▸ **WHAT YOU NEED TO DO**
Restate word for word the lines of the records below, starting at the line that contains "If you have" and ending at the line that contains "TE1192GJ Abito casual", with both of those lines included and nothing else.

▸ **DATASET RECORDS**
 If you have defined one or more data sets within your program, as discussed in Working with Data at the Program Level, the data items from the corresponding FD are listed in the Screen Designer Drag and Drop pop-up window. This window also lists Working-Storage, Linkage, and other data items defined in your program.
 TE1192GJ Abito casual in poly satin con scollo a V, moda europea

==

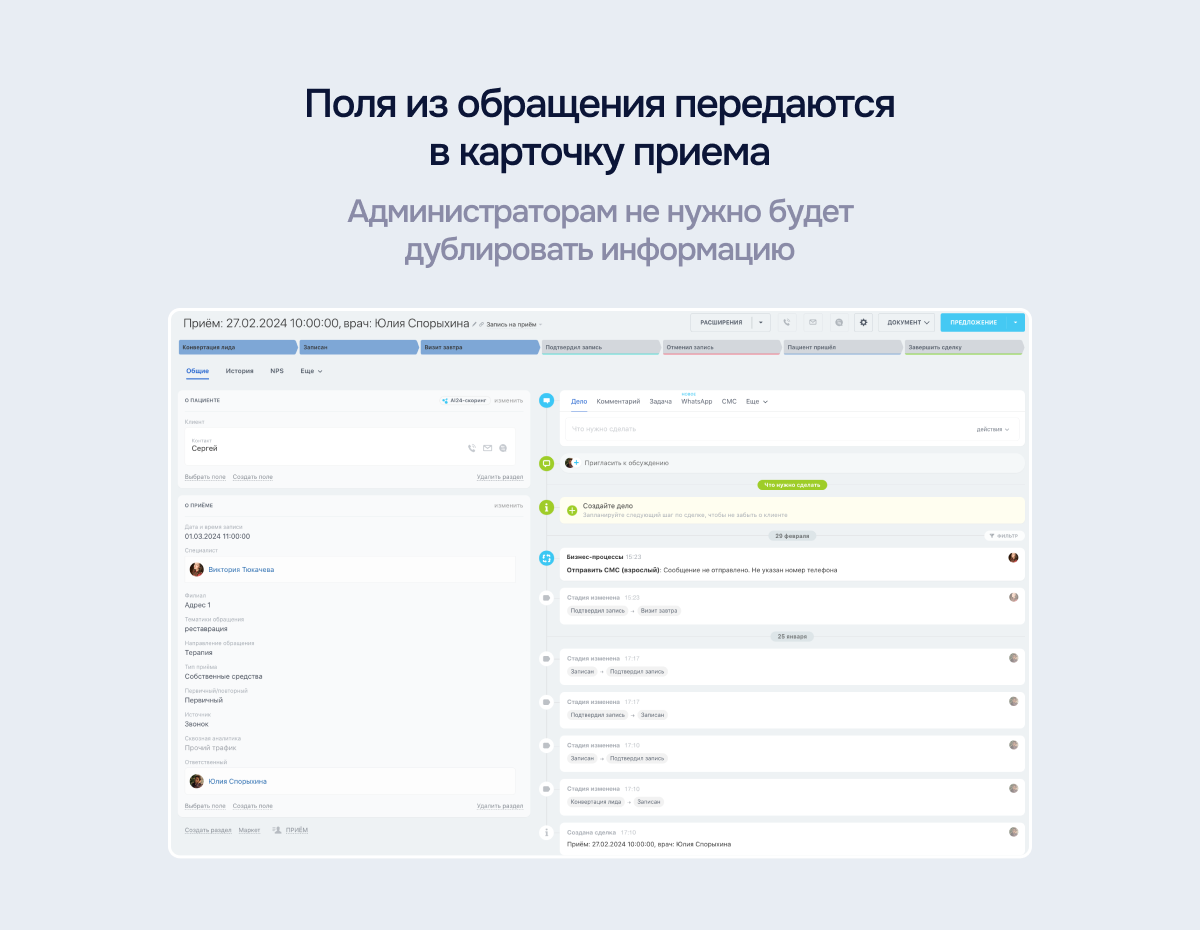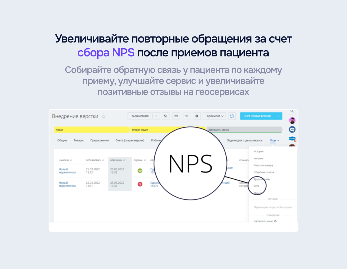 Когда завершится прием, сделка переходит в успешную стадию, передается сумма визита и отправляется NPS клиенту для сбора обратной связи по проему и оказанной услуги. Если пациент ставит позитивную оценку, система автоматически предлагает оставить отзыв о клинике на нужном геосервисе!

▸ **REPLY TO THE EXERCISE**
 If you have defined one or more data sets within your program, as discussed in Working with Data at the Program Level, the data items from the corresponding FD are listed in the Screen Designer Drag and Drop pop-up window. This window also lists Working-Storage, Linkage, and other data items defined in your program.
 TE1192GJ Abito casual in poly satin con scollo a V, moda europea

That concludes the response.